Broader transition context: rebranding and partnerships
Amara Raja Group was founded in 1985 by RN Galla and rebranded the listed company from “Amara Raja Batteries” to “Amara Raja Energy & Mobility” in 2023. The company has positioned this as a signal of a broader energy transition focus. It has also disclosed a technical licensing agreement with China’s Gotion High-Tech signed in June 2024 to accelerate lithium-ion capabilities.

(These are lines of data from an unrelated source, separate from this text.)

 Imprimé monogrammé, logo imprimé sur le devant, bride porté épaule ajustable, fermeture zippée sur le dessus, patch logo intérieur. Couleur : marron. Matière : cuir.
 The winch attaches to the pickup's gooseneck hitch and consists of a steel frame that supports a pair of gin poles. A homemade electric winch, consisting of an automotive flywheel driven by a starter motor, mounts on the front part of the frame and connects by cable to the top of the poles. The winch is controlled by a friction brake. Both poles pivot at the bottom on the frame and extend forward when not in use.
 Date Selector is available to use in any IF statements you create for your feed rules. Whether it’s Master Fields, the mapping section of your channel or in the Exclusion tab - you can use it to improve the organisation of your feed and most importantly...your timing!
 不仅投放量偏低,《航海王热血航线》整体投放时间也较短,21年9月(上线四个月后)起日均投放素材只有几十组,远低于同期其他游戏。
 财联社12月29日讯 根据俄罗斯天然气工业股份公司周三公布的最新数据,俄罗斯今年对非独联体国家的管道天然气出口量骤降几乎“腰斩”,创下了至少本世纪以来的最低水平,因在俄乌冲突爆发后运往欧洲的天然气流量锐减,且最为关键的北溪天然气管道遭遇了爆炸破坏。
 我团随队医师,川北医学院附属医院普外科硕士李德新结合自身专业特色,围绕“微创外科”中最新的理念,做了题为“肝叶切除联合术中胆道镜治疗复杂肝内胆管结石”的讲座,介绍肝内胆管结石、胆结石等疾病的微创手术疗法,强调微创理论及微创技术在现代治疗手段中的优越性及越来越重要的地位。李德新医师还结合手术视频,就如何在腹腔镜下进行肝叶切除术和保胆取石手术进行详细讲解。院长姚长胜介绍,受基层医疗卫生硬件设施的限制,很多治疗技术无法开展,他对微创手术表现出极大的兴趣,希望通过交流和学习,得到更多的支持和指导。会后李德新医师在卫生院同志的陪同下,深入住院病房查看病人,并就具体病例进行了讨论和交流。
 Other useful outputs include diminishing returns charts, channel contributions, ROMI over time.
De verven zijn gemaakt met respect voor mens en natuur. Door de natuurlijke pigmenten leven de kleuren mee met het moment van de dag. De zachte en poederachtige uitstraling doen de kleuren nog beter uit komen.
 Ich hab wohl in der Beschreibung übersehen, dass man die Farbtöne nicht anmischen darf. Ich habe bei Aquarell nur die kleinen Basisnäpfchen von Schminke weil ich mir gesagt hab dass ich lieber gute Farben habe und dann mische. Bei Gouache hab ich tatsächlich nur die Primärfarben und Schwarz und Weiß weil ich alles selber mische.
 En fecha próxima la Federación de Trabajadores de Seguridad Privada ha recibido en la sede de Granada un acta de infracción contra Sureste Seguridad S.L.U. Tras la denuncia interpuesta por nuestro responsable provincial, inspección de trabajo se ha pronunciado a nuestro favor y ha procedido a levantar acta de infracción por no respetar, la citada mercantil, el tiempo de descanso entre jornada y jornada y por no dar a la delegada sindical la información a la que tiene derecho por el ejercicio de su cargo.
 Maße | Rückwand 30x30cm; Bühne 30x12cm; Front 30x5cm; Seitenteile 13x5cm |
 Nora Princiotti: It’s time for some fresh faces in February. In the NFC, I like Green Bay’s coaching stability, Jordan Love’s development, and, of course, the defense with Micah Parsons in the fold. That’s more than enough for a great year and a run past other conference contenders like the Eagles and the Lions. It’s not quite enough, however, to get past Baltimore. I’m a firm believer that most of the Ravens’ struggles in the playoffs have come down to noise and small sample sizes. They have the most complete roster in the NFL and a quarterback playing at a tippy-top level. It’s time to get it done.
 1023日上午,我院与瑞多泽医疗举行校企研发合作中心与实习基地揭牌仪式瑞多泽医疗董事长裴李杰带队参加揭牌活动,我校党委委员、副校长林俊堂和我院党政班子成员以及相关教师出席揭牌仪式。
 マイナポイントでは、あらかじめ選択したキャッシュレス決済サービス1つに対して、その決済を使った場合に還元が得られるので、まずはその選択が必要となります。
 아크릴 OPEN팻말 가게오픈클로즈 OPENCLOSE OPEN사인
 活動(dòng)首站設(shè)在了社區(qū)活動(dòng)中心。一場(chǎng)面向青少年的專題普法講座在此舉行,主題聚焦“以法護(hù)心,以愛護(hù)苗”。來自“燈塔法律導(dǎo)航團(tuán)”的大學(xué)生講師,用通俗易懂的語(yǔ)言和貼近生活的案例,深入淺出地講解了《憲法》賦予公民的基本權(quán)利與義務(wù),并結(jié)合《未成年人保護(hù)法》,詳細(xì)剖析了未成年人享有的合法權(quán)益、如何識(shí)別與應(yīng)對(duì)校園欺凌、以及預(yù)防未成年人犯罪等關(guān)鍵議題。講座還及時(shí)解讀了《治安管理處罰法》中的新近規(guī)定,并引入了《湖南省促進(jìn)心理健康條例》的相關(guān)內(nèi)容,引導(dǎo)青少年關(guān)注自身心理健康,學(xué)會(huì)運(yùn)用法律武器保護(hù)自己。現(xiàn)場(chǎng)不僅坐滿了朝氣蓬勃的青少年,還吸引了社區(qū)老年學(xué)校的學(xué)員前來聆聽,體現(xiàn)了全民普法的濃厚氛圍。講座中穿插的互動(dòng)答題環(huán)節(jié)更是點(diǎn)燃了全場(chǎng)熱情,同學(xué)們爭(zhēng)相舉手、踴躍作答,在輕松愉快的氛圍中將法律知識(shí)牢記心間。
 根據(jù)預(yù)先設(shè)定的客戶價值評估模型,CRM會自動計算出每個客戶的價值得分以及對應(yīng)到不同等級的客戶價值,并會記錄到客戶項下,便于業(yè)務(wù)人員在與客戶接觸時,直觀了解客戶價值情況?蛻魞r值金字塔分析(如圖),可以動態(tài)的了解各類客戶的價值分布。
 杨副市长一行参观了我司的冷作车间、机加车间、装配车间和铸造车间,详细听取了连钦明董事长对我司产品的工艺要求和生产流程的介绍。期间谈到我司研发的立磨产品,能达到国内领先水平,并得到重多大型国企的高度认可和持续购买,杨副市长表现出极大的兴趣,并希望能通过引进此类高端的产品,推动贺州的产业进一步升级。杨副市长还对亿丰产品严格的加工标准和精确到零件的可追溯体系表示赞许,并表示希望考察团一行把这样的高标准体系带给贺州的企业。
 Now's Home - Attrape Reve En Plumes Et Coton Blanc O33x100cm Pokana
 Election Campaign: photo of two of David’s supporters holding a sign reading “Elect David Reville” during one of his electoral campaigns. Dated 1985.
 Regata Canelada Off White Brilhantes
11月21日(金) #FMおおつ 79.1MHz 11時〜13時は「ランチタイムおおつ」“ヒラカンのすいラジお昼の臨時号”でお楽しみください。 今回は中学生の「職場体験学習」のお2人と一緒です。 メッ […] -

The company has described itself as India’s second-largest automotive battery manufacturer and has referenced that it generates 67% of its revenue from the automotive battery sector.
Key figures at a glance
Why the mix matters for investors
The Q4FY26 revenue mix shows the company’s dependence on lead-acid cash flows remains high, even as capex and strategy increasingly tilt toward lithium-ion and energy storage. That creates a practical execution challenge: new energy has to scale without disrupting the core economics of the legacy business. The segment’s move from a 4% to 7% range in earlier quarters to 8% in Q4FY26 is a measurable step, but still small relative to the investment intensity outlined.
Conclusion
Amara Raja’s Q4FY26 results underline steady growth in the lead-acid franchise and a gradual, still-limited contribution from new energy. The key next markers are progress on the Telangana gigafactory, the June 2027 production target for the first 2 GWh line, and the end-2026 start for the BESS integration facility at Divitipalli. Management’s capex guidance of ₹1,500 to ₹1,700 crore for the ongoing fiscal sets the near-term investment cadence investors will track alongside quarterly mix changes.